# SERP & News Monitoring — Detailed Guide

A workflow for monitoring Google Search (SERP) and Google News using the `scrape` MCP tool. Useful for SEO monitoring, media tracking, competitive intelligence, and trend analysis.

## Overview

This workflow enables:

- Fetching Google Search results (organic + Top Stories)
- Fetching Google News headlines
- Normalizing and canonicalizing URLs
- Deduplicating results
- Producing structured JSON output
- Generating change reports (new / removed / rank shifts)

All web fetching is performed via the **ScraperAPI MCP tool (`scrape`)**.

## Inputs to Ask For (only if missing)

- **Query** (required)
- **Mode**: `serp` or `news` (default: `serp`)
- **Locale**: `hl` (default: `en`), `gl` (default: `GB`)
- **Result count** for SERP (default: 10)
- **Recency filter**: none | last day | last week | last month

## URLs to Build

### SERP

```
https://www.google.com/search?q=<QUERY>&num=<N>&hl=<HL>&gl=<GL>&pws=0
```

Recency filters (append to URL):
- Last day → `&tbs=qdr:d`
- Last week → `&tbs=qdr:w`
- Last month → `&tbs=qdr:m`

### Google News

```
https://news.google.com/search?q=<QUERY>&hl=<HL>&gl=<GL>&ceid=<GL>:<HL>
```

## Fetch Strategy (must follow)

1. Call `scrape` with just the URL first (cheapest).
2. If the page is incomplete or shows a consent/interstitial:
   - Retry with `deviceType: "desktop"`
   - Then try `deviceType: "mobile"` if needed
3. If geo issues / repeated errors: retry with `countryCode` matching the market (e.g., `gb`, `us`).
4. If blocking persists: set `premium: true`. If still failing, use `ultraPremium: true`.
   - **NEVER** combine `premium` and `ultraPremium`.

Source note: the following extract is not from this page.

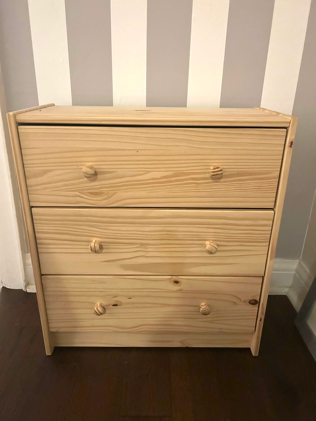 Small IKEA three-drawer dresser, unfinished light pine wood. Smoke-free/pet-free home. Pick-up only. Retails for $100.
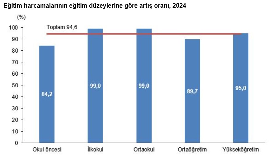 TÜİK, 2024 yılı eğitim harcamaları istatistiklerini açıkladı. Buna göre; eğitim harcamaları 2023 yılına göre yüzde 94,6 artarak 2 trilyon 200 milyar 338 milyon TL oldu. Bir önceki yıla göre harcamaların en fazla arttığı eğitim düzeyleri yüzde 99 ile ilkokul ve ortaokul oldu. Eğitim harcamalarının gayrisafi yurt içi hasıla içindeki payı 2023 yılında yüzde 4,2 iken, 2024 yılında yüzde 4,9 oldu. Devlet eğitim harcamalarının gayrisafi yurt içi hasıla içindeki payı 2023 yılında yüzde 3,5 iken, 2024 yılında yüzde 4 oldu.

## Extraction Requirements

### SERP JSON

Extract and return:
- `query`, `fetched_at`, `locale {hl, gl}`, `num`
- `organic_results`: array of
  - `rank` (1..N)
  - `title`
  - `link` (canonicalized; remove Google redirect wrappers)
  - `displayed_link` (if visible)
  - `snippet` (if visible)
- `top_stories` (optional): array of
  - `title`
  - `source` (if visible)
  - `time` (if visible)
  - `link` (canonicalized)

### News JSON

Extract and return:
- `query`, `fetched_at`, `locale {hl, gl}`
- `headlines`: array of
  - `title`
  - `source` (publisher)
  - `time` (relative time if present)
  - `link` (canonicalized)
  - `snippet` (if visible)

## Normalization Rules

- If a result link is a Google redirect (e.g., `/url?q=<real_url>`), extract and use the real URL.
- Canonicalize URLs by stripping common tracking params (`utm_*`).
- Dedupe by canonical URL; if missing/unstable, fallback to hash(title + source).

## Output Format (always)

Return a single JSON object:

```json
{
  "mode": "serp | news",
  "query": "...",
  "locale": { "hl": "...", "gl": "..." },
  "fetched_at": "...ISO timestamp...",
  "results": { "..." },
  "notes": [ "..." ]
}
```

If the user asks for insights, add a short prose summary after the JSON.

## Optional: Change Report

If the user provides a previous snapshot JSON, compute:

- `new_items` — results present now but not in the previous snapshot
- `removed_items` — results in the previous snapshot but not now
- `moved_items` (SERP only) — results whose rank changed

Then summarize the changes.

## Best Practices

- **Always use `scrape`** (not `google_search` or `google_news`) for this workflow — scraping Google directly gives full page context including Top Stories, People Also Ask, etc.
- **Set `outputFormat: "markdown"`** for easier parsing of the HTML structure.
- **Use recency filters** to keep results fresh for monitoring use cases.
- **Store snapshots** as JSON to enable change detection across runs.
- **Dedupe before comparing** — URL canonicalization prevents false positives in change reports.